** DATA IN THIS EXERCISE **
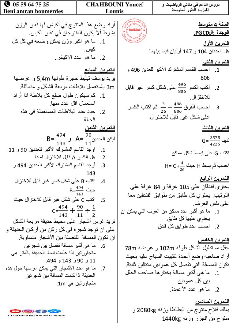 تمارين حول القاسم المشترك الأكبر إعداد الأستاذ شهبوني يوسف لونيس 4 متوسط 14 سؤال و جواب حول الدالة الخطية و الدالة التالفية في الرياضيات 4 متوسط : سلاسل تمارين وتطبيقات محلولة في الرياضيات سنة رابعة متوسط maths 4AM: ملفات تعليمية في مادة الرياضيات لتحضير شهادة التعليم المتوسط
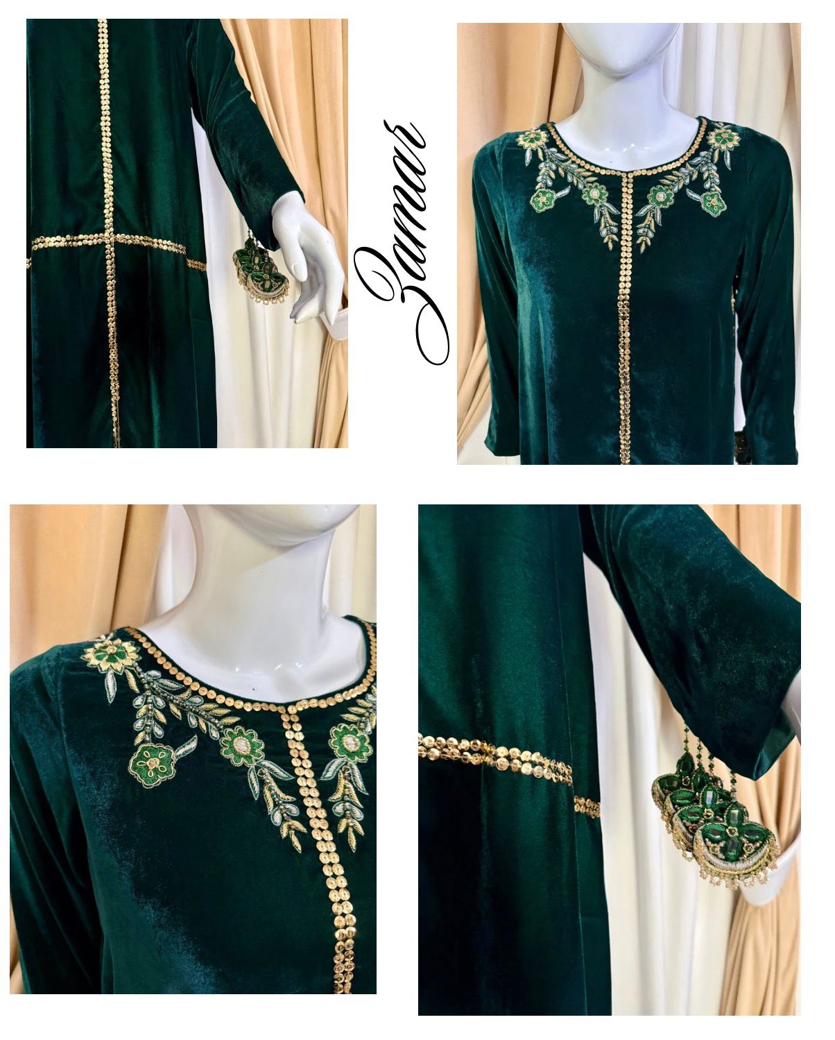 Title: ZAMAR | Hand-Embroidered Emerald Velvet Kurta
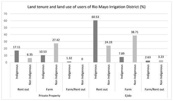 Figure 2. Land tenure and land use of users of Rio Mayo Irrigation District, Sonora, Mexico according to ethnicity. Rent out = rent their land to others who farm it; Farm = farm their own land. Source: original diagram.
==
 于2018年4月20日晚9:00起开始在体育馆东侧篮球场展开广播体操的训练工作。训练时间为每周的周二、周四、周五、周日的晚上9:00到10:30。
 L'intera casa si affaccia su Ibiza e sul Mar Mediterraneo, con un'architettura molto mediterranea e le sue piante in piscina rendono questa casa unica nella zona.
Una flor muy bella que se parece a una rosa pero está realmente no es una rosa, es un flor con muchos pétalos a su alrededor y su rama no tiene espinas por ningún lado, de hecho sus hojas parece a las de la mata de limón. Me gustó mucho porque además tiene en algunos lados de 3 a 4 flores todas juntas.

** AIM OF THE EXERCISE **
Here the output must be the lines above from the line with "于2018年4月20日晚9:00起开始在" to the line with "Una flor muy", both included, duplicated word for word and nothing else.

** WRITTEN SOLUTION **
 于2018年4月20日晚9:00起开始在体育馆东侧篮球场展开广播体操的训练工作。训练时间为每周的周二、周四、周五、周日的晚上9:00到10:30。
 L'intera casa si affaccia su Ibiza e sul Mar Mediterraneo, con un'architettura molto mediterranea e le sue piante in piscina rendono questa casa unica nella zona.
Una flor muy bella que se parece a una rosa pero está realmente no es una rosa, es un flor con muchos pétalos a su alrededor y su rama no tiene espinas por ningún lado, de hecho sus hojas parece a las de la mata de limón. Me gustó mucho porque además tiene en algunos lados de 3 a 4 flores todas juntas.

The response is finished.